Evangelist Markus. Illumination des Garima Evangeliars, Aksum, spätes 5. oder 6. Jhdt. © Michael Gervers für NYRB 11. Mai 2017, S. 48

Die Bedeutung von Aksum, dem alten Königreich im heutigen Äthiopien, war ein solcher faszinierender Teil: Von der großen hiǧra, dem Auszug nach Yathrib im Jahr 622 – dem Jahr Null des Islam -, haben sicherlich die meisten schon gehört. Da war Mohammed mit seinen Glaubensgefährten und deren Familien ins heutige Medina übergesiedelt. In Mekka war es zuvor zu Spannungen gekommen, und diese – das war mir neu – hatten zu zwei kleineren hiǧra nach Aksum geführt. Die beiden großen Mächte, die zu den Zeiten die Geschicke prägten, waren Byzanz und die persischen Sassaniden, und über die kommenden Jahre geschah es immer wieder, daß in ihrer Wahl der Gefolgschaft und Sympathie Christen und frühe Muslime sich Juden und Persern feindselig gegenüberstanden. Bowersock geht es aber nicht um Freund-Feind-Schemata, und, wie er in seiner Einleitung sagt, es geht ihn auch nicht um „eine weitere Erzählung vom Aufscheinen des Islam, sondern um einen Einblick zu verschaffen in die chaotische Welt in der Islam ermöglicht wurde, und um günstigstenfalls zu verstehen, wie er geformt wurde.“ (frei übersetzt nach: Prologue, S. 9)

Es geht um Gottessohnschaft, um Münzen und Inschriften, um Toleranz und Doktrin, um enorme Distanzen, die zurückgelegt wurden, und um Diplomatie und Austausch von Kultur, um den allmählichen Übergang von einem modus vivendi zu einer strukturierten Herrschaftsform. Viele Stellen aus dem Koran werden im historischen Kontext erläutert, und mit alten Vorurteilen von gewaltsamen Eroberungen mit Schwert und Glaubenszwang wird aufgeräumt. Dabei verschweigt Bowersock nicht, wiesehr schon zu Anfang innerhalb der Glaubenden Zerwürfnis in Gewalt umschlug, in Kalifenmorde und Kriege (fitna).

C. H. Beck Verlag Leseprobe

Bowersock sagt zur Arabischen Halbinsel (Ancient Near East) am Vorabend der Islamischen Eroberungen:

Instead of lying desolate and ready for new rulers, it was already experienced in survival under a foreign power [Sassanids] and therefore all the more likely to be accomodating when a new one arrived.    (S. 96 / 97)

[etwa: „Statt dass sie verödet und bereit für neue Herrscher daniederlag, war sie im Überleben unter Fremdherrschaft geübt und deswegen eher geneigt, neue Herrscher anzunehmen.“]
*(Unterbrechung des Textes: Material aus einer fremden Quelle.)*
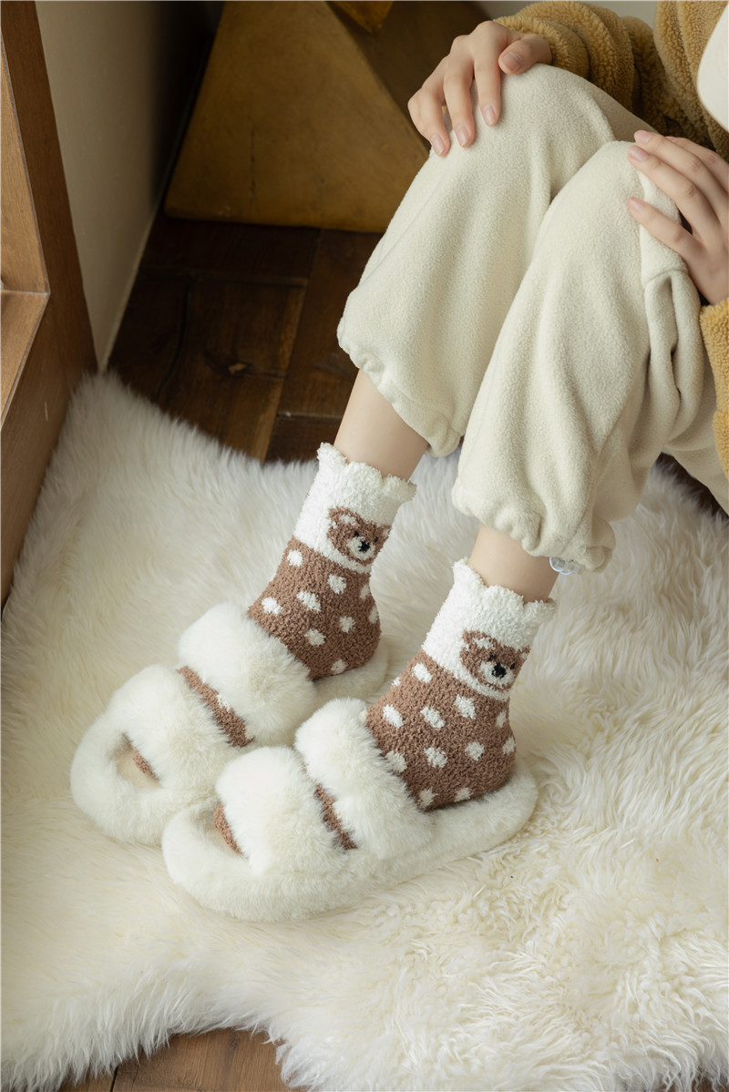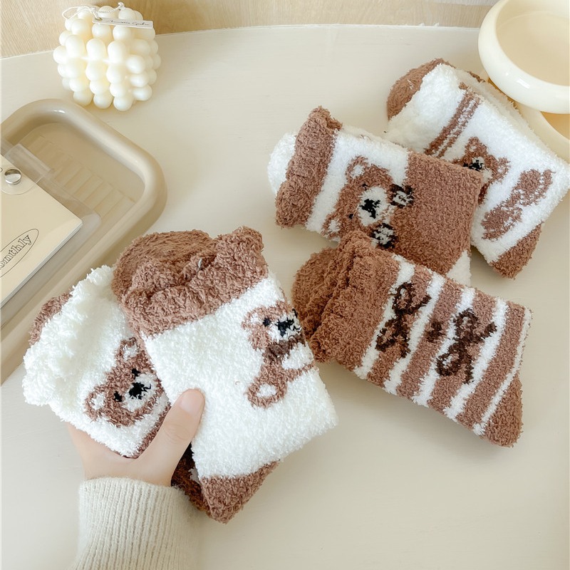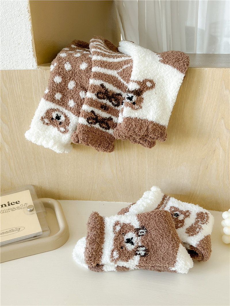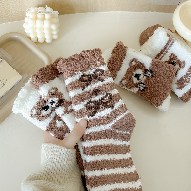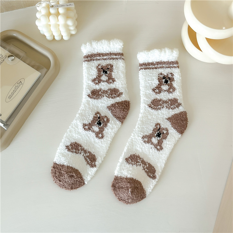 珊瑚绒袜子女咖色系小熊女中筒袜冬季加绒加厚保暖地板袜睡眠女袜

Bevor ʿAbd al-Malik die Herrschaft des Islam buchstäblich prägte (erst unter ihm gab es einheitlich geprägte ausdrücklich islamische Münzen), regierten die ersten Kalifen ein stetig größer werdendes Gebiet in einer Weise, daß sich für den gewöhnlichen Untertan kaum etwas änderte. Bowersock erweist sich mit seinem klar strukturierten Band als kundiger Weggeleiter durch dies uneindeutige, unübersichtliche und stetig umgewälzte Gebrodel, und er hält die Lust, den Blick in die Vergangenheit zu richten, lebendig, schult den Blick für heutiges Staatswesen und heutige Strömungen.

Deutsch, in der Übersetzung von Rita Seuß, ist das Buch im vorigen Jahr im Verlag C. H. Beck erschienen: Die Wiege des Islam

Inmitten einer brodelnden Welt

So etwa lautert der Titel, At the Center of a Roiling World, einer Rezension von Peter Brown in der New York Review of Books vom März 2017, dem Jahr als Bowersocks Buch erschien. Seit ich die deutsche Wagenbachausgabe (leider vergriffen) von Peter Browns The World of Late Antiquity: AD 150–750 gelesen hatte, spitze ich immer die Ohren, wenn er sich wieder zu Wort meldet, wie man in diesen Seiten verfolgen kann (Suchergebnisse „Peter Brown“). Auch diesmal erscheint seine Rezension in der New York Review of Books, nach wie vor abonniert und gründlich gelesen. Brown schreibt über den Aspekt der sich manifestierenden Unverträglichkeit der drei monotheistischen Religionen, mit denen Bowersocks Buch endet:

The last pages of Bowersock’s book are austere and sobering. The more Muslims, Jews, and Christians entered into dialogue with one another, the more each religion came to recognize areas of incompabitility with the others. […] They are perilious incompatibilities. How each generation handles them is a test of its humanity.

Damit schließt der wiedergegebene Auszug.